Donc cette décolonisation qui a créé ces grands mouvements est une cause historique de cette super-diversité. D’autant que c’était une immigration qui, durant plusieurs décennies, a été encouragée par le gouvernement britannique. Ce dernier propose en effet, dès 1948, la citoyenneté britannique à tous les citoyens de l’Empire et du Commonwealth; et il aide les sujets de l’Empire ou les habitants du Commonwealth, à venir s’installer et travailler sur le sol britannique.

C’est une immigration qui, si elle n’est pas forcément bienvenue au sein de la population britannique des grandes villes telles que Londres, Bristol, ou Birmingham, reste indispensable pour les grands centres industriels du pays, qui ont besoin de main d’œuvre, qui ont besoin de se reconstruire; elle est donc encouragée au départ par  les gouvernements, conservateur comme travailliste. Puis, vont arriver les politiques de limitation de cette immigration dans les années 1970-1980, notamment avec feue Margareth Thatcher.  

TV5MONDE : vous avez établi un parallèle entre la France et la Grande-Bretagne. Au vu de ce qui se passe outre-Manche, en particulier dans la vie politique, peut-on dire que la diversité est en panne en France ?

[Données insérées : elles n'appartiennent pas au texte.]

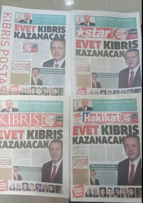 Ποικίλες αντιδράσεις και σχόλια, κυρίως αρνητικά, έχει προκαλέσει το πληρωμένο πρωτοσέλιδο υπέρ του “ναι” στο δημοψήφισμα της 16ης Απριλίου, που φιλοξενήθηκε σε τέσσερις τουρκοκυπριακές εφημερίδες, την Kibris, την Kibris Postasi, την Star και την Hakikat.Στα μέσα κοινωνικής δικτύωσης η κριτική είναι έντονη, καθώς κάτι τέτοιο συμβαίνει για πρώτη φορά στον τουρκοκυπριακό Τύπο. Μάλιστα, οι φήμες οργιάζουν καθώς εικάζεται ότι η “τιμή” για τα εν λόγω πρωτοσέλιδα είναι μερικές χιλιάδες ευρώ. «Πουλήθηκαν οι εφημερίδες στον Ερντογάν και το ΑΚΡ αλλά και δεν υπάρχουν πλέον όρια», είναι μερικά από τα σχόλια που γίνονται στο διαδίκτυο. Στο πληρωμένο πρωτοσέλιδο – διαφήμιση υπάρχει ο τίτλος “Ναι η Κύπρος θα κερδίσει” με την φωτογραφία του Τούρκου Προέδρου, Ταγίπ Ερντογάν και δήλωση που έκανε παλαιότερα για το ψευδοκράτος, τονίζοντας ότι εάν διαφυλάξουν την ενότητα Τουρκίας – ψευδοκράτους και το πνεύμα αλληλεγγύης “δεν υπάρχει εμπόδιο που δεν μπορούμε να ξεπεράσουμε”. Γίνεται αναφορά στη στήριξη της Τουρκίας στον τουρκοκυπριακό “λαό”, την μητέρα πατρίδα Τουρκία και αναφορά στον Αλλάχ. “Αγαπιόμαστε για τον Αλλάχ, έτσι θα συνεχίσουμε να αγαπιόμαστε. Αυτό το έθνος (μιλιέτ που είναι το έθνος με έμφαση στην θρησκευτική ιδιότητα) πέρασε τα πλοία από τη στεριά, αυτό το έθνος έχτισε το Μαρμαράι (σ.σ. υποθαλάσσιο τρένο) κάτω από το Βόσπορο. Αυτό το έθνος έφερε το νερό από το Αναμούρ στη βόρεια Κύπρο”.Προβάλλεται επίσης δήλωση του Τούρκου Πρωθυπουργού, Μπιναλί Γιλντιρίμ ότι “δυνατή Τουρκία είναι δυνατή Κύπρος”, αλλά και δήλωση του εκπροσώπου του ΑΚΡ στο παράρτημα του κόμματος στα κατεχόμενα, του κ. Ντεμιρτζί ότι “με μια σταθερή Τουρκία η Κύπρος θα συνεχίσει να υπάρχει”. Και στους δύο υπάρχουν αναφορές στις σχέσεις αδελφότητας Τουρκίας – ψευδοκράτους και επίκληση του Αλλάχ.“Αυτή τη φορά ο Αλλάχ μας έδωσε την ευκαιρία να πούμε ΝΑΙ για την Τουρκία”, αναφέρει ο Ντεμιρτζί.Στο πρωτοσέλιδο υπάρχει και φωτογραφία με τη σημαία του ψευδοκράτους στον Πενταδάκτυλο, το σύνθημα μέσα σε μισοφέγγαρο “Ναι η Κύπρος θα κερδίσει” και γράφει ότι η “ΤΔΒΚ” – όπως αναφέρει το ψευδοκράτος – παρ` όλα τα εμπάργκο έχει πει ναι στο να συνεχίσει να υπάρχει.Στο κάτω μέρος της σελίδας υπάρχουν διάφορα πρόσωπα ανθρώπων που έχουν ταχθεί υπέρ του “ναι” και στην εσωτερική σελίδα εξηγούν με σύντομες δηλώσεις γιατί “λέω ναι με όλη μου την καρδιά για την Κύπρο”.Να σημειωθεί ότι η ψηφοφορία για τους Τούρκους στα κατεχόμενα ξεκινά στις 5 Απριλίου και θα διαρκέσει μέχρι τις 9 του μήνα.Για την καμπάνια του “όχι” στα κατεχόμενα φέρεται να βρέθηκε και ο πρώην βουλευτής του ΡΛΚ, Ουμούτ Οράν.ΠΗΓΗ: ΚΥΠΕ

Maud Michaud : Je dirais que oui, bien entendu. Il n’y a qu’à regarder la composition de notre Assemblée nationale, celle de notre gouvernement, ou encore les personnalités politiques à la tête des grandes villes françaises. Il y a évidemment une diversité ethnique et culturelle qui existe au sein de notre population, mais qui n’est pas visible aux postes de pouvoir notamment politiques.